__Exercise directions__
Only one span is wanted from the lines below: from the one with "Ювелирная мастерская по" up to and including the one with "Elevate your outerwear". Copy it exactly, without images.

__Data__

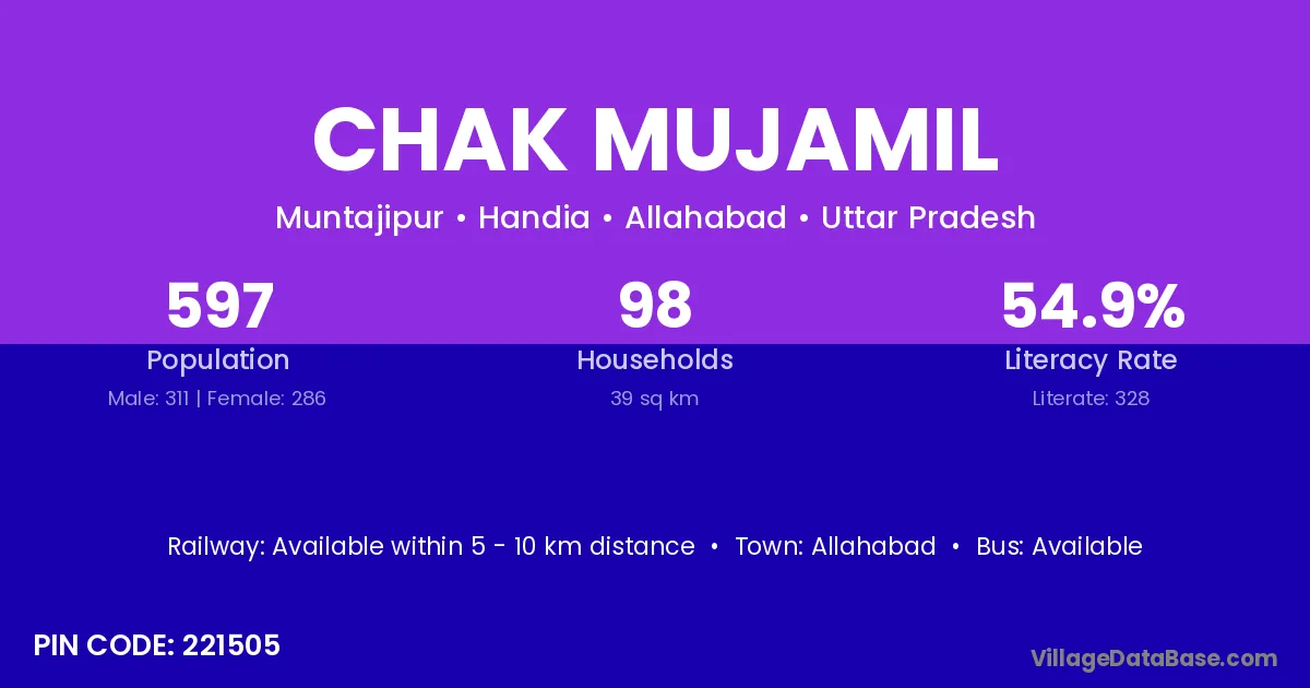 Allahabad is the nearest town to Chak Mujamil village for major economic activities
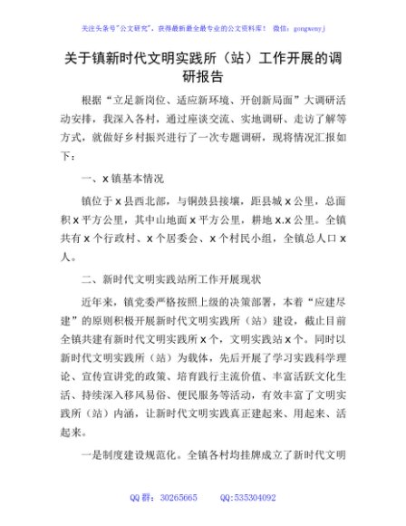 / 乡镇新时代文明实践所(站)工作开展的调研报告
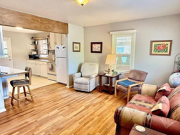 Welcome home to this charming 3 bedroom, 1 bath located on Pueblo's south side. Walkthrough the front yard flower garden and in the front door to the beautiful hardwood floors of the living room that overlook your open kitchen. The bedrooms are all nicely sized and the bathroom remodel is just what you're looking for. The primary bedroom offers its own access to the backyard covered patio. Just imagine yourself waking up each morning with a cup of coffee 2 steps outside of your room, rain or shine. You won't want to miss this affordable southside gem. Schedule your showing today!
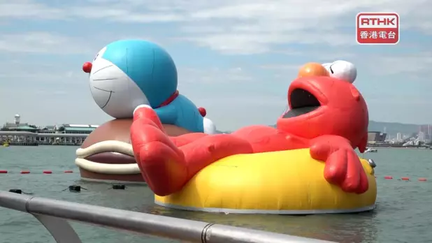 4個巨型充氣公仔包括多啦A夢、KAWS & 芝麻街(Elmo)、滑嘟嘟及LABUBU今日起在維港展出,並於下月1日舉行「海上大巡遊」。
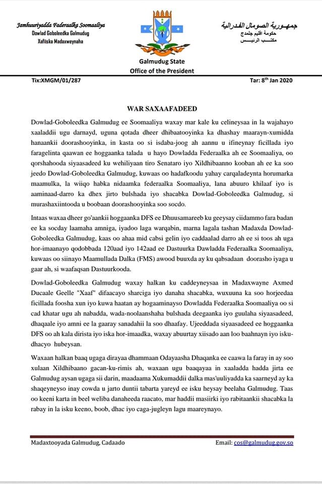 Khamiis, Janaayo, 09, 2020 (HOL)-Madaxweynaha Dowlad gobolleedka Galmudug Axmed Ducaale Geelle Xaaf ayaa ku eedeeyay dowladda Soomaaliya in ay afduubtay sida uu hadalka ku dhigay maamul u sameynta Galmudug.
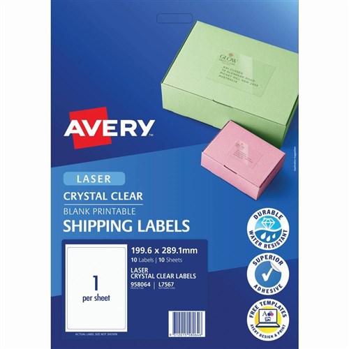 Avery Crystal Clear Laser Address Labels 199.6x289.1mm 1UP 10 Labels 10 Sheets
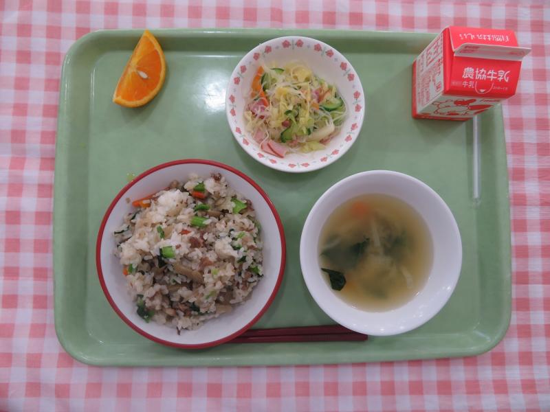今日は、時間内に食べ終わる児童が多かったです。ちくわの磯辺揚げが人気でした!
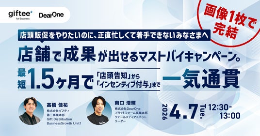 株式会社NTTドコモのマーケティング分野における新規事業型子会社である株式会社DearOne(本社:東京都港区、代表取締役:河野 恭久、以下:DearOne)が提供する、リテールメディアプラットフォーム「ARUTANA」は、eギフトプラットフォーム事業(※1)を展開する株式会社ギフティ(本社:東京都品川区、代表取締役:太田 睦、鈴木 達哉、以下:ギフティ)とともに、2026年4月7日(火)12時30分から無料ウェビナーを開催いたします。
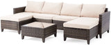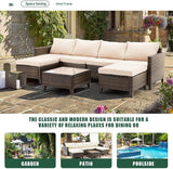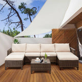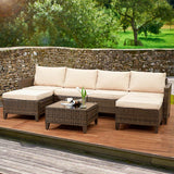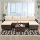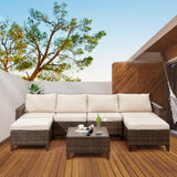 7 Pcs Outdoor Sectional Sofa Rattan Patio Conversation Set w/ 2 Ottomans, Coffee Table, Cushions
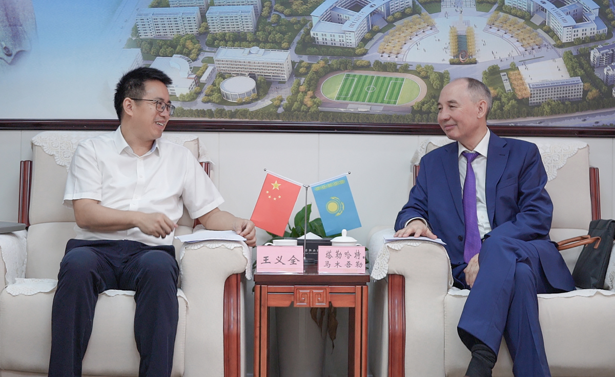 座谈会上,王义全对塔勒哈特.马木尔吾勒的到来表示热烈欢迎,介绍了学校近些年取得的发展与成就,期待两校开展深度交流与合作,争取早日落地合作项目,并就下一步工作的开展进行了安排部署。塔勒哈特.马木尔吾勒对学校的热情接待表示感谢,对学校取得的成就表示祝贺,并就两校联合培养人才、人才培养方案等细节问题和与会人员进行了深入交流,还向与会人员发出邀请到哈萨克斯坦进行考察交流,共谋发展。会上,双方同意两校在各专业领域开展合作交流,共同培养具有国际视野、通晓国际规则、具备双语交流能力的技能性人才,以加强双方院校的内涵建设,提升国际知名度和竞争力。
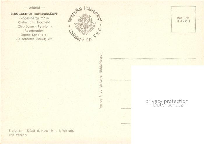 73718059 Vogelsberg Rhoen Berggasthof Hoherodskopf Fliegeraufnahme postalisch nicht gelaufen Erhaltung siehe scans [WerneD78] KatCode: 11110006535016
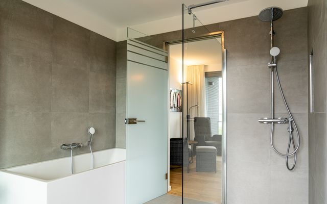- Wellnessbereich mit Sauna, Dusche und Wannenbad, Relaxbereich mit Aussicht
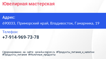 Ювелирная мастерская по адресу 690033, Приморский край, Владивосток, Гамарника, 19 в дальнейшем Организация, размещена в следующих категориях:
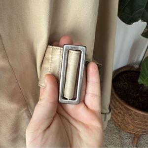 Elevate your outerwear collection with this timeless Coach Leatherware 1941 women’s trench coat in size XL. Crafted from 100% cotton with genuine leather trim details, this coat blends luxury with function.
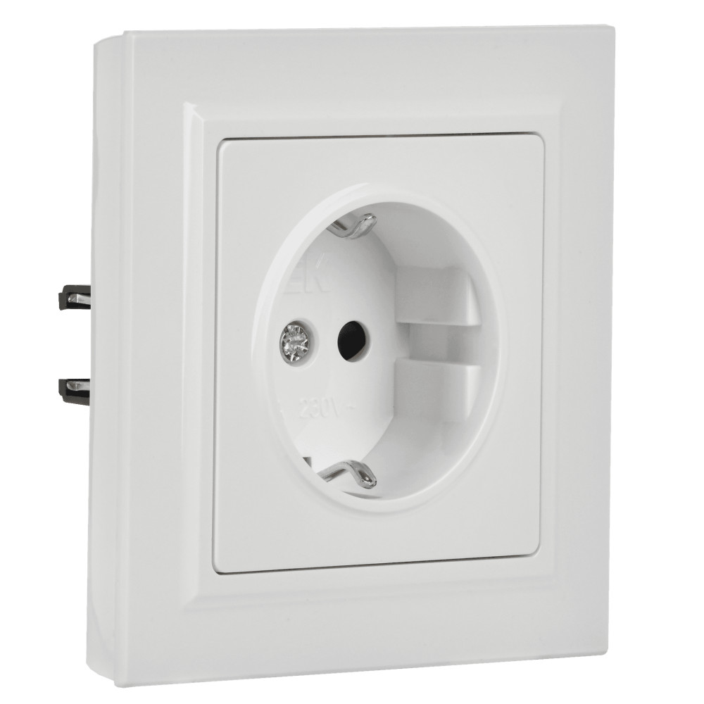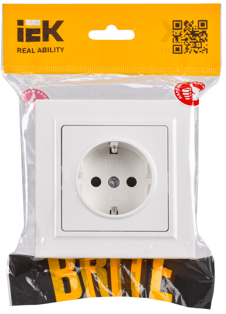 Розетка с заземлением и защитными шторками IEK Brite РСР14-1-0-БрБ белый BR-R14-16-K01-F

__Task solution__
 Ювелирная мастерская по адресу 690033, Приморский край, Владивосток, Гамарника, 19 в дальнейшем Организация, размещена в следующих категориях:
 Elevate your outerwear collection with this timeless Coach Leatherware 1941 women’s trench coat in size XL. Crafted from 100% cotton with genuine leather trim details, this coat blends luxury with function.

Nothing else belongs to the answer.